For our project we will use a Digispark ATtiny85 based breakout board. Mainly because it is small and as it only needs one digital output for the LED and 2 digital inputs for the switches we can easily achieve it with this board. The Digispark has 6 IO pins, however there is a caveat on the use of some of the pins. P1 is used for the onboard LED but can be used to drive an external LED, P5 is used as the Reset pin for the Digispark so it is best to forget about that pin as a digital IO, P4 and P5 are connected to the USB connector/traces and can be used with caution to not interfere with the programming of the Digospark.

Digispark Pinouts

For our project we will use P0 for SW1, P1 for LED, P2 for SW2. And design the software code to follow the same logic as the original TE project. As this is a proof of concept type project we will assemble the circuit on a bread board as shown below:

bread board circuit for our project

The logic of the code needs to follow the original idea of the TE project. Switch 1 (Right Switch above) will simple cause a counter to increment. To start with we will develop a program to simulate the counting action of the 4017 with a led connected to pin 11. Then we will add the reset logic later.

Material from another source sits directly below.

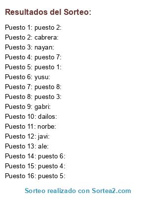 Lista de participantes: ale:, norbe:, javi:, dailos:, gabri:, nayan:, yusu:, cabrera:, puesto 1:, puesto 2:, puesto 3:, puesto 4:, puesto 5:, puesto 6:, puesto 7:, puesto 8:.

Open up the Arduino IDE and start a new project. Here i am assuming that you have already setup and tested it using the Digispark with the Arduino IDE, programming it with a simple blinking LED program is a good place to start to test the communications. If you have not then have a look at my tutorial here for setting up the Digispark with the Arduino IDE.

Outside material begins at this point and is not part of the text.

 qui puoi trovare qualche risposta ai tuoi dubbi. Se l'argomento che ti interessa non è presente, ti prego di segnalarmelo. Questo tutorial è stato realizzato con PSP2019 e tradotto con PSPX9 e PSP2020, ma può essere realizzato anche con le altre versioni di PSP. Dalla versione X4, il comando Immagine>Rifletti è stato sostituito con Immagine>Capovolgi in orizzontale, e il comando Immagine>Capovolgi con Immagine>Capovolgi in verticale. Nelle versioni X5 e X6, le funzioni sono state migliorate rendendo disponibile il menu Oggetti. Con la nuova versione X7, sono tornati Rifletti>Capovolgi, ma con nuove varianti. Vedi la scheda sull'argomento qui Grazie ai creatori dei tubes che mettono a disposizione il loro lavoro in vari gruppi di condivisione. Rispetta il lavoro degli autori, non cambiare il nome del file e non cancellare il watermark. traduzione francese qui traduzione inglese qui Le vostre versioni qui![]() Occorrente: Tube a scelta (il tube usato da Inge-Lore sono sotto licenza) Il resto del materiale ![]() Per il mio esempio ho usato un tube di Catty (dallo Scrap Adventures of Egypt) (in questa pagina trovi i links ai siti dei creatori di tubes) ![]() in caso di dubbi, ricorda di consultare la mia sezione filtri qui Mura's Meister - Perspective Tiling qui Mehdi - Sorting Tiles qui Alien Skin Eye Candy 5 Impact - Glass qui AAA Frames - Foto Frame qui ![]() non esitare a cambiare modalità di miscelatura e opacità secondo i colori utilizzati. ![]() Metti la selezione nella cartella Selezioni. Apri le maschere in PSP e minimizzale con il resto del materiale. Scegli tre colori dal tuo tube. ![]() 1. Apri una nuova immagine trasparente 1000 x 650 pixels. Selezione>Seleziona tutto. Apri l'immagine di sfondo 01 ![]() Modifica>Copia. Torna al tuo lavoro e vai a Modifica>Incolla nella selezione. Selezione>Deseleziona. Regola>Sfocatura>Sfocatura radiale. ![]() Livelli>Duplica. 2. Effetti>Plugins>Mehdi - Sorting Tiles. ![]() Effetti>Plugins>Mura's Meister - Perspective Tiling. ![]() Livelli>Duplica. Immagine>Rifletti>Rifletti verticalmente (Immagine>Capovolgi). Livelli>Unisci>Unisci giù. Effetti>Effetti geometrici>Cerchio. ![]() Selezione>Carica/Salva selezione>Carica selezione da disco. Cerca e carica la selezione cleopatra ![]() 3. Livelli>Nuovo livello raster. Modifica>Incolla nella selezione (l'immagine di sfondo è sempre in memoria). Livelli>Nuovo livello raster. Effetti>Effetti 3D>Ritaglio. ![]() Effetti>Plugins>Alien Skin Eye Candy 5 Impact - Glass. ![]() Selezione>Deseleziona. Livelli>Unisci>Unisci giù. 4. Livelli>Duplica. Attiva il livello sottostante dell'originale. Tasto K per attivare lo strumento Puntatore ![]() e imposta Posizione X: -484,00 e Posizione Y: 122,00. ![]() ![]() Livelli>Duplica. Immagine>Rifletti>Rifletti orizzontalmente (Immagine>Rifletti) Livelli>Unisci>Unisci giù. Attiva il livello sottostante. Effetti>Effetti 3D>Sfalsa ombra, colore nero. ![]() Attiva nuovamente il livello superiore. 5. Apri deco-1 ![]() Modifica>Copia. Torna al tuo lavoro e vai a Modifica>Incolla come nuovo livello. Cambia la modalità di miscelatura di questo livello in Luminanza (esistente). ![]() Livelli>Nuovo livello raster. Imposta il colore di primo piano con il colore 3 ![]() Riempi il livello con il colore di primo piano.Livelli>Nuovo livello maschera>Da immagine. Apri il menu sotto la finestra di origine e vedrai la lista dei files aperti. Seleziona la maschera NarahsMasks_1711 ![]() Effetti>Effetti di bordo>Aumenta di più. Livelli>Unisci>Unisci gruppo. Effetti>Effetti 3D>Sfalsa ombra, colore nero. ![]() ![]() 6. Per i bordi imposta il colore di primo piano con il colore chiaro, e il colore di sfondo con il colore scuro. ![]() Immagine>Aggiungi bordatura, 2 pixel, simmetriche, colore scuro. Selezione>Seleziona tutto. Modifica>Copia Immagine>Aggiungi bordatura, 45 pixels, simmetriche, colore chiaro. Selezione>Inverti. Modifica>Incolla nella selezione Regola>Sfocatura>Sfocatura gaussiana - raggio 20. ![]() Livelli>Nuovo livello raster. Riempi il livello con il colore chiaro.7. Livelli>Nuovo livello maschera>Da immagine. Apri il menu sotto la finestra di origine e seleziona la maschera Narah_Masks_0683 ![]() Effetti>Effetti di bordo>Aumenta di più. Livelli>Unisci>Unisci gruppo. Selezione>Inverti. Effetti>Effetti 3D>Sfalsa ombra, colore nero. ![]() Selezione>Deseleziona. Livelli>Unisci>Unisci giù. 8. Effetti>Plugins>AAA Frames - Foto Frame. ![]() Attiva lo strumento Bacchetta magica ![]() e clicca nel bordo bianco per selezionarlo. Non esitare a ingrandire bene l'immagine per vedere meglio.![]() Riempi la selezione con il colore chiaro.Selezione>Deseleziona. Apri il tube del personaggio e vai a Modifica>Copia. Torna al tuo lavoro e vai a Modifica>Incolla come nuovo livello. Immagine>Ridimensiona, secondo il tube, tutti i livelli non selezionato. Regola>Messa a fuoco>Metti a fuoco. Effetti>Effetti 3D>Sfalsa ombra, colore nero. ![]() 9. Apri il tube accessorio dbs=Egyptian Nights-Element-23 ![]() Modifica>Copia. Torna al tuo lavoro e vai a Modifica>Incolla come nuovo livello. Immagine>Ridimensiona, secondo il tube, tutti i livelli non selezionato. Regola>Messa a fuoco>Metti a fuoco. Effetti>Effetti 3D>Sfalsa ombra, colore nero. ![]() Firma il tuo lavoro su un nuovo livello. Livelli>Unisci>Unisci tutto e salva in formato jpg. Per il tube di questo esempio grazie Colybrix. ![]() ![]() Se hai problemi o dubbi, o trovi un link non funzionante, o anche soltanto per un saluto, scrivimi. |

Copy the following code int the Arduino IDE editor and upload into the Digispark:

#define LEDpin 1
#define SW1pin 2
#define SW2pin 0

int counter = 0;
bool SW2state;


void setup() {
  // put your setup code here, to run once:

  //Set LED pin as digital output
  pinMode(LEDpin, OUTPUT);
  //Set Switch pins as digital inputs with pullup resistor
  pinMode(SW1pin, INPUT_PULLUP);
  pinMode(SW2pin, INPUT_PULLUP);

  //Make sure LED turns off
  digitalWrite(LEDpin, HIGH);

  //Wait 3 seconds and give a little hint
  delay(2000);
  //Flash the led 9 times to indicate nine SW1 pulses required to solve the puzzle
  for (int hint = 0; hint < 9; hint ++){
    digitalWrite(LEDpin, LOW);
    delay(100);
    digitalWrite(LEDpin, HIGH),
    delay(200);
  }

  // Turn off the LED to start the game
  delay(2000); 
  digitalWrite(LEDpin, LOW);

}

void loop() {
  // put your main code here, to run repeatedly:

//loop endlessly till button is pressed
while (digitalRead(SW1pin) == HIGH){}
    //A short delay to debounce the button
    delay(50);

    //Loop endlessly while the button is pressed
    while (digitalRead(SW1pin) == LOW){}
    //A short delay to debounce the button
    delay(50);
    //Read and store SW2 state
    SW2state=digitalRead(SW2pin);
       
  counter ++;


  //use case to enforce REset logic, to match the original circuit
  switch (counter) {
    case 1:      
      digitalWrite(LEDpin, LOW);
        if (SW2state ){ 
        counter=0; 
        }    
      break;

    case 3:      
      digitalWrite(LEDpin, LOW);
        if (!SW2state ){ 
        counter=0; 
        }    
      break;

    case 5:      
      digitalWrite(LEDpin, LOW);
        if (SW2state ){ 
        counter=0; 
        }    
      break;

    case 7:      
      digitalWrite(LEDpin, LOW);
        if (!SW2state ){ 
        counter=0; 
        }    
      break;
      
    case 9:
      digitalWrite(LEDpin, HIGH);
      break;
      
    case 10:
      counter=0;
      digitalWrite(LEDpin, LOW);
      break;
      
    default:

    break;
  }

} //End Loop

The solution for testing is D-U-U-U-D-U-U-U-U where D is SW2 closed circuit and U is open circuit. Remember to Close and Open SW1 to simulate the clock pin on the 4017.

Hope you enjoy this little project as much as I did, and thanks for reading this far.